EvidenceDelta control tables following the core evidence model.
RenderingSQL, Python, Databricks Asset Bundles, Lakeflow planning and Markdown review reports.
RuntimeDatabricks jobs, notebooks, serverless or classic clusters depending on environment configuration.

Adapter extensions

Platform-specific settings go under extensions.databricks or the environment contract. They do not become top-level core fields.

extensions:
databricks:
delta_properties:
delta.enableChangeDataFeed: "true"
cluster_columns: [customer_id]
partition_columns: [ingestion_date]

Use adapter extensions only for Databricks behavior. Portable concepts such as target identity, write mode, quality, schema policy and source intent stay in the core contract.

Logical table refs

When a Databricks contract reads a table produced by another ContractForge contract, prefer the portable ref instead of hard-coding the Unity Catalog name:

source:
type: table
ref: bronze.b_products_jdbc

For SQL:

FROM {{ table_ref:silver.s_product_tags }}

The Databricks adapter resolves these to the target catalog/schema naming used by the project. AWS resolves the same refs to Glue Catalog/Iceberg names.

Runtime example

from contractforge_databricks import ingest_databricks_bundle

result = ingest_databricks_bundle(
"/Workspace/Shared/contracts/silver/s_customers",
options={
"catalog": "main",
"schema": "ops",
"notebook_name": "jobs/silver/s_customers",
},
)

The adapter creates control tables when they do not exist, writes the target table, applies available annotations/operations/access behavior and records evidence before returning the result.

Deployment

Databricks deployment is adapter-owned and DAB-based. The core does not deploy jobs and does not import Databricks SDKs.
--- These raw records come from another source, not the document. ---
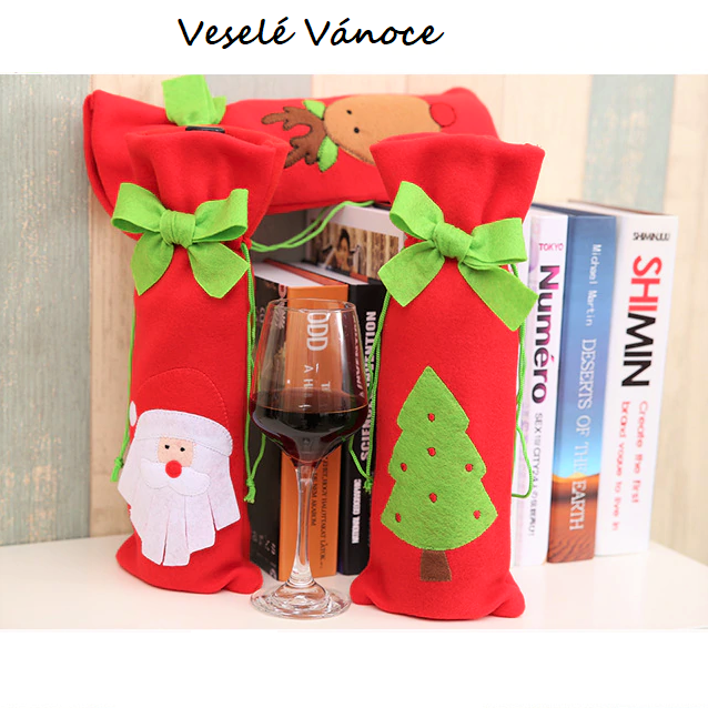 Christmas bottle wraps Santa Claus and reindeer.
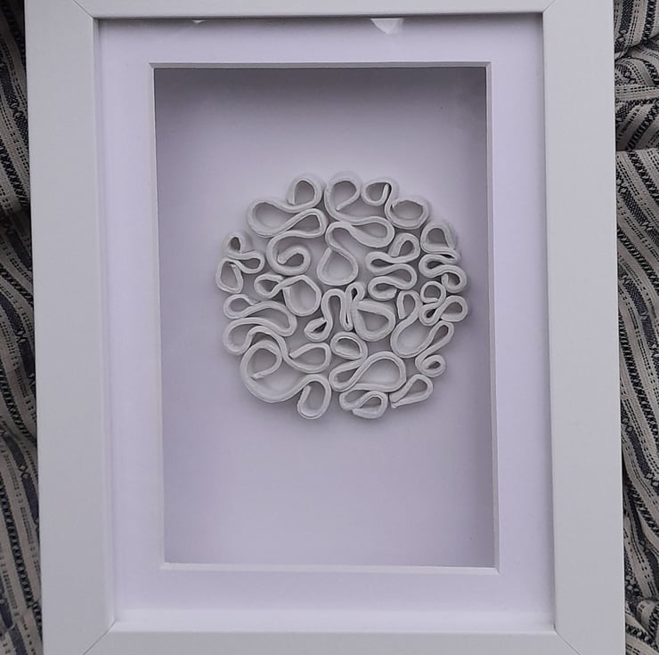 An original, framed piece, created using air dried clay to form a unique three-dimensional design.
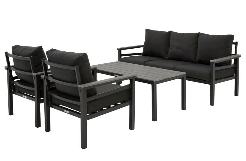 En härlig soffgrupp med en stilren design. Soffan är tillverkad i konstträd, bordsskivan är också av konstträd och underredet är av svart aluminium. Gruppen passar perfekt till uteplatsen och är det lilla extra för att maxa mysfaktorn.
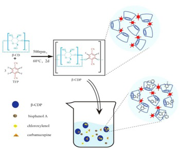 In recent years, emerging contaminants have been widely detected in water bodies around the world, seriously threatening human health and ecological safety, and posing great challenges to drinking water safety. The adsorption method is favored because of its low cost, simple operation and good treatment effect. The development of selective and high-efficiency adsorbents is particularly critical for the practical application of adsorption technology in wastewater treatment processes. Based on the principle of nucleophilic substitution, a new type of β-cyclodextrin polymer material (β-CDP) has been produced by polymerizing β-cyclodextrin (β-CD) with tetrafluoroterephthalonitrile being the cross-linking agent. Taking Activated carbon (AC) as a comparison of adsorption effect, this paper selected pollutants such as bisphenol A (BPA), carbamazepine (CBZ), and p-chlorom-xylenol (PCMX) as representative micro-pollutants in water for research. The results showed that, in the adsorption system, whether it has single or multiple pollutants, β-CDP exhibits a highly selective adsorption behavior for BPA, CBZ and PCMX. Compared with AC, the competitive adsorption behavior of each pollutant on β-CDP is only slightly inhibited. At the same time, the adsorption performance of β-cyclodextrin polymer is not affected by pH, ionic strength and humic acid. This type of polymer has a good removal effect on bisphenol compounds and good regeneration performance, which has high application value.
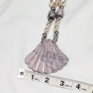 Jewelry faux pearl and lavender marbled stone fan shell statement necklace
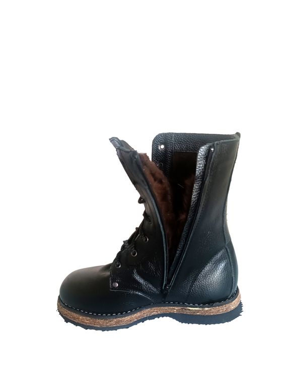 берцы кожаные мужские зимние с боковой молнией. Натуральная кожа, внутри натуральный мех, подошва натуральный войлок, снизу резина морозостойкая. Шнуровка спереди и молния замок внутри. Берцы "ОГОНЬ" - новинка на рынке! Эти ботинки зимние изготовлены из натуральной кожи с натуральным мехом. Такая комбинация материалов обеспечивает надежную защиту от холода и влаги.
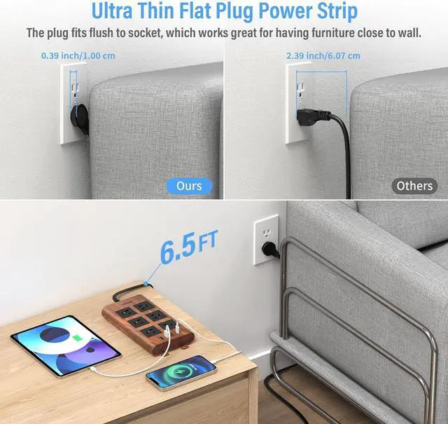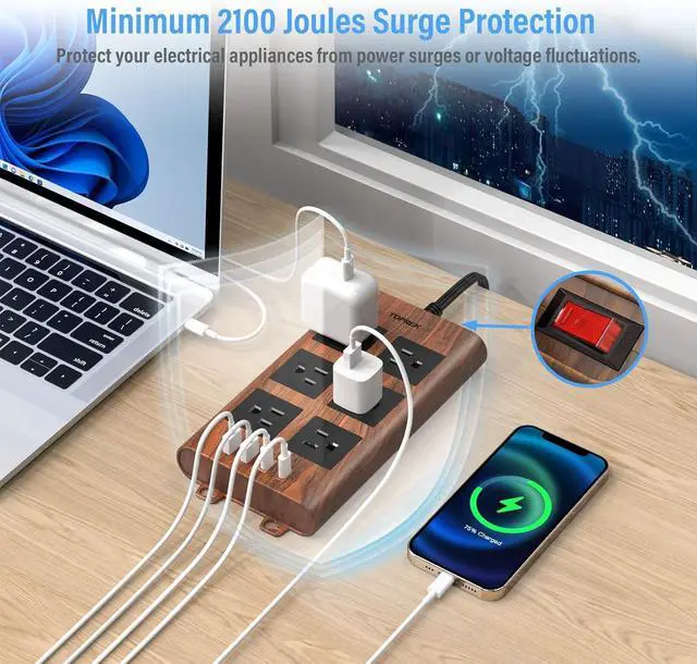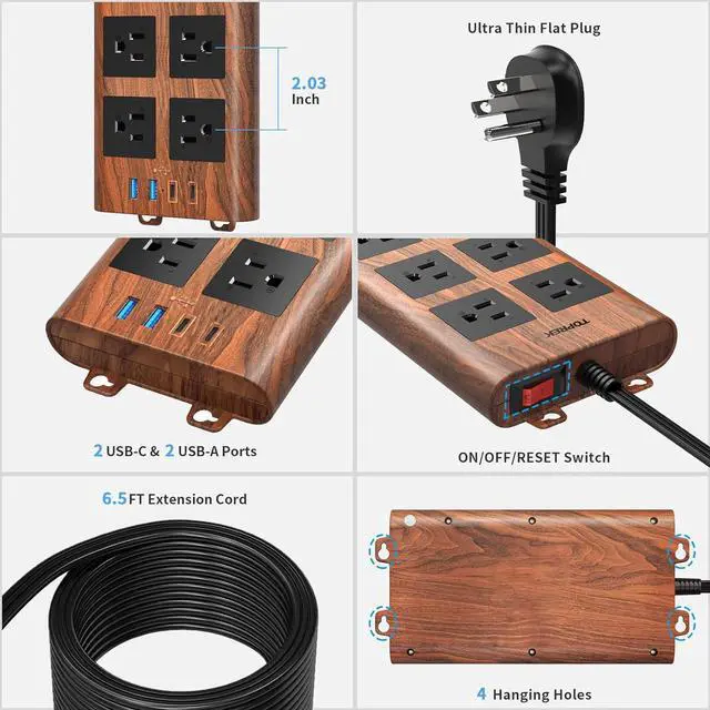 [STYLISH WOOD FINISH] - If you need a surge protector that sits on your desk, floor, and want something stylish, this is the right product! Designed to complement your decor, this power strip features a sleek wood finish that blends effortlessly with wooden furniture, floors, or desks. Its not just functionalits a stylish addition to any space.

contractforge-databricks deploy-project examples/real-world/supabase-jdbc-medallion/project.yaml \
--profile dbc-dev \
--target dev

Add --run to execute the deployed bundle job:

contractforge-databricks deploy-project examples/real-world/supabase-jdbc-medallion/project.yaml \
--profile dbc-dev \
--target dev \
--run

For projects without project.yaml, point directly at the DAB directory or databricks.yml:

contractforge-databricks deploy-bundle ./databricks.yml --profile dbc-dev --target dev --run

The project command reads validation.databricks.bundle from project.yaml. If that field is absent, it defaults to databricks.yml beside the project file. The adapter calls the Databricks CLI with explicit arguments; it never builds shell command strings.

Project scheduling

Scheduling belongs to project.yaml, not to the ingestion contract. The contract says what a dataset means; the project says how platform jobs are connected.

schedule:
cron: "0 6 * * *"
timezone: America/Sao_Paulo
enabled: false
max_concurrent_runs: 1
queue: true
adapters:
databricks:
pause_status: PAUSED
tasks:
bronze_orders:
task_key: bronze_orders

execution_order:
- name: bronze_orders
contracts:
databricks: contracts/databricks/bronze_orders.ingestion.yaml
- name: silver_orders
depends_on: [bronze_orders]
contracts:
databricks: contracts/databricks/silver_orders.ingestion.yaml

Render a Databricks Asset Bundle from that metadata:

contractforge-databricks render-project-bundle project.yaml \
--output databricks.yml \
--force

Or render and deploy in one adapter-owned flow:

contractforge-databricks deploy-project project.yaml \
--render-bundle \
--force-render \
--target dev

The renderer maps depends_on to Databricks task dependencies and maps top-level schedule.cron / schedule.timezone to the Databricks Jobs schedule block. AWS maps the same project schedule to EventBridge Scheduler without changing ingestion contracts.

Review-required examples

Databricks can support many semantics natively, but some requests still need explicit review:

Contract requestWhy review may be required
historical across non-Delta source snapshotsCompleteness and delete semantics must be proven.
Row filters/masksPrivileges and Unity Catalog feature availability vary by workspace.
Available-now streamingCheckpoint and schema locations must be governed and durable.
Native Lakeflow connectorsSource-specific behavior is Databricks-owned and may not be portable.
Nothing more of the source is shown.